[[ MATERIALS PROVIDED, beginning ]]

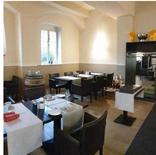
Gastraum "von Bora"
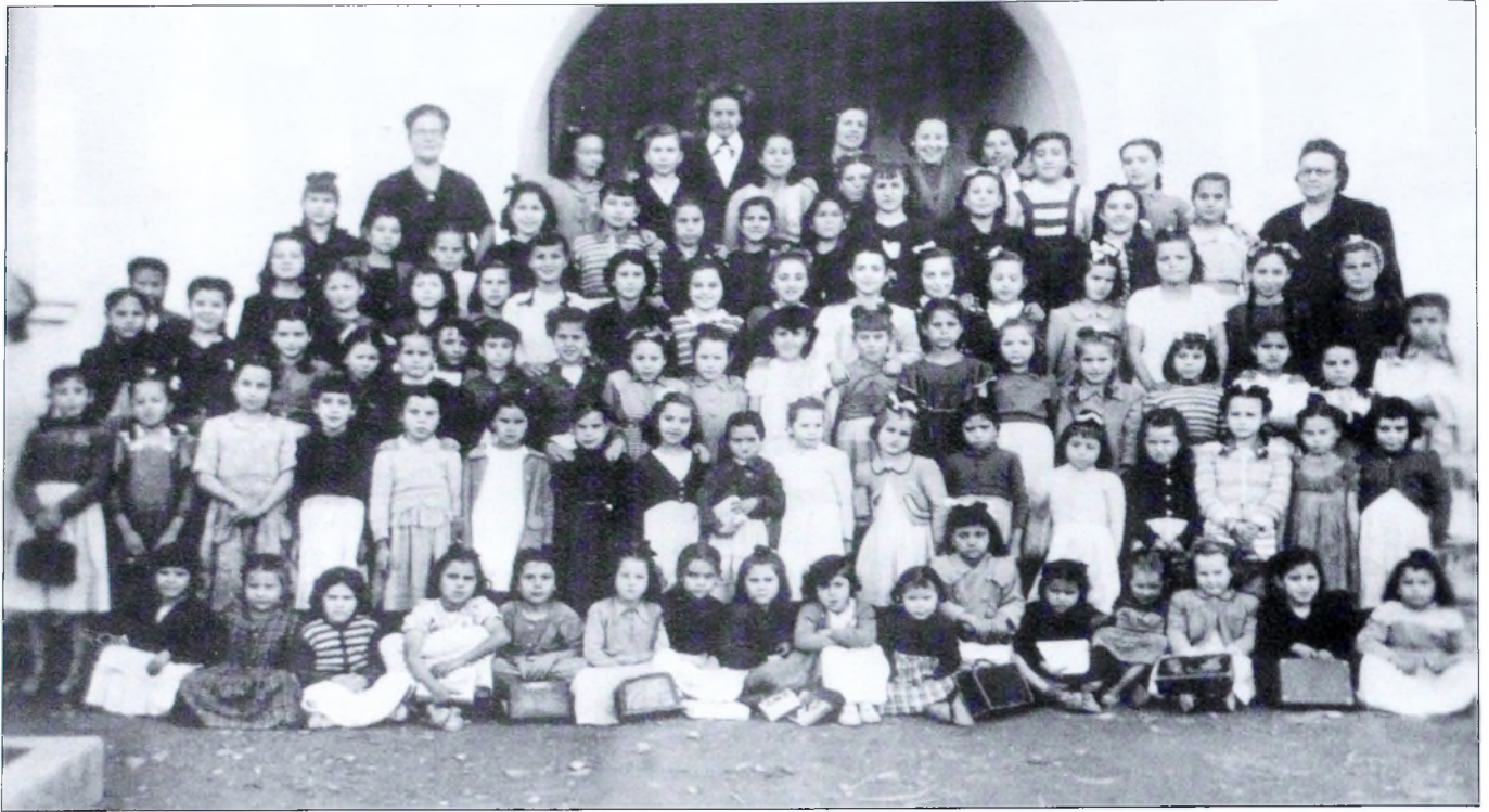
Niñas y maestras del curso 1948-1949.
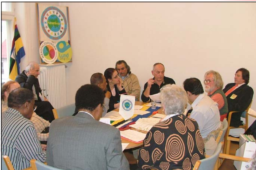
Söndagen den 15 mars hölls LIFS årsmöte. Det var också första gången som vi använde den tredje våningen som vi precis fått tillgång till i LIFS befintliga lokaler på Stora Gråbrödersgatan.
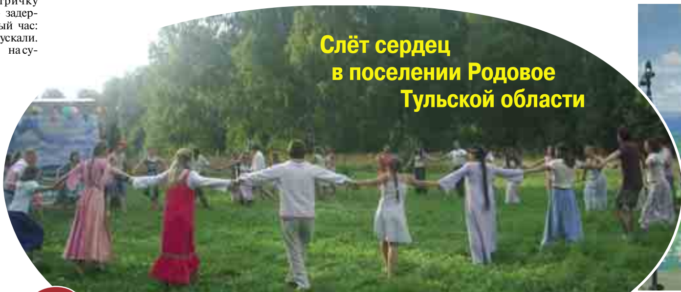
Слёт сердец в поселении Родовое Тульской области

Сейчас все уже разбегались по домам, поселениям. Эмоции улеглись. Из десятков прекрасных и светлых лиц зримо высветилось одно. Может быть, это он?..
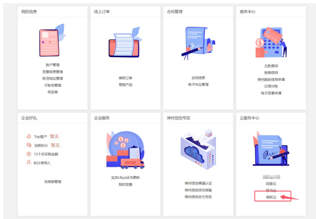
【代理商个人中心页面】
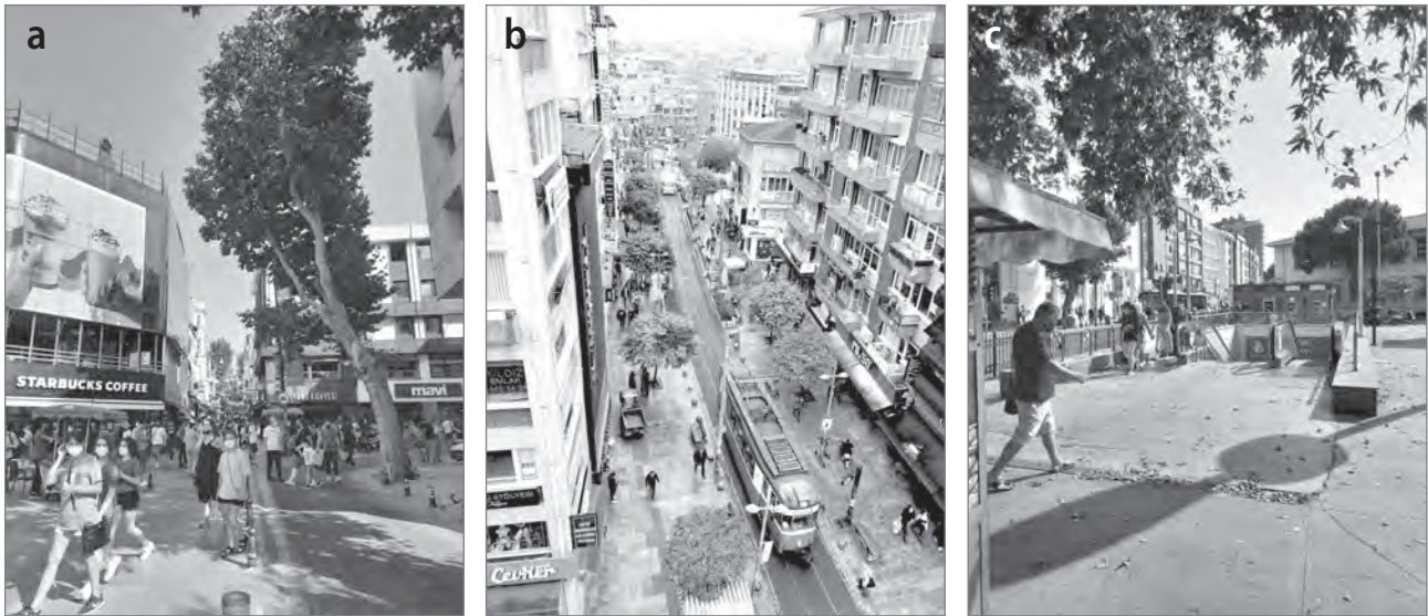
Slika 4: a) Ljudje na nakupovalnem območju (foto: B. Sevin), b) cona za pešce s trgovinami (foto: N. Ç. Erkan), c) postaja podzemne železnice (foto: B. Sevin)
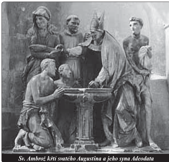
Sv. Ambrož křtí svatého Augustina a jeho syna Adeodata

Bollettino Vaticano 9. 1. 2008 Mezititulky redakce Světla
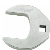
03501064 Llave de pata de gallo, alta resistencia

[[ MATERIALS PROVIDED, end ]]

● EXERCISE GOAL:
Needed here is only the span from the line with "Bollettino Vaticano 9." through the last line of the entries, copied exactly with both ends and without pictures.

● ANSWER TO THIS TASK:
Bollettino Vaticano 9. 1. 2008 Mezititulky redakce Světla
03501064 Llave de pata de gallo, alta resistencia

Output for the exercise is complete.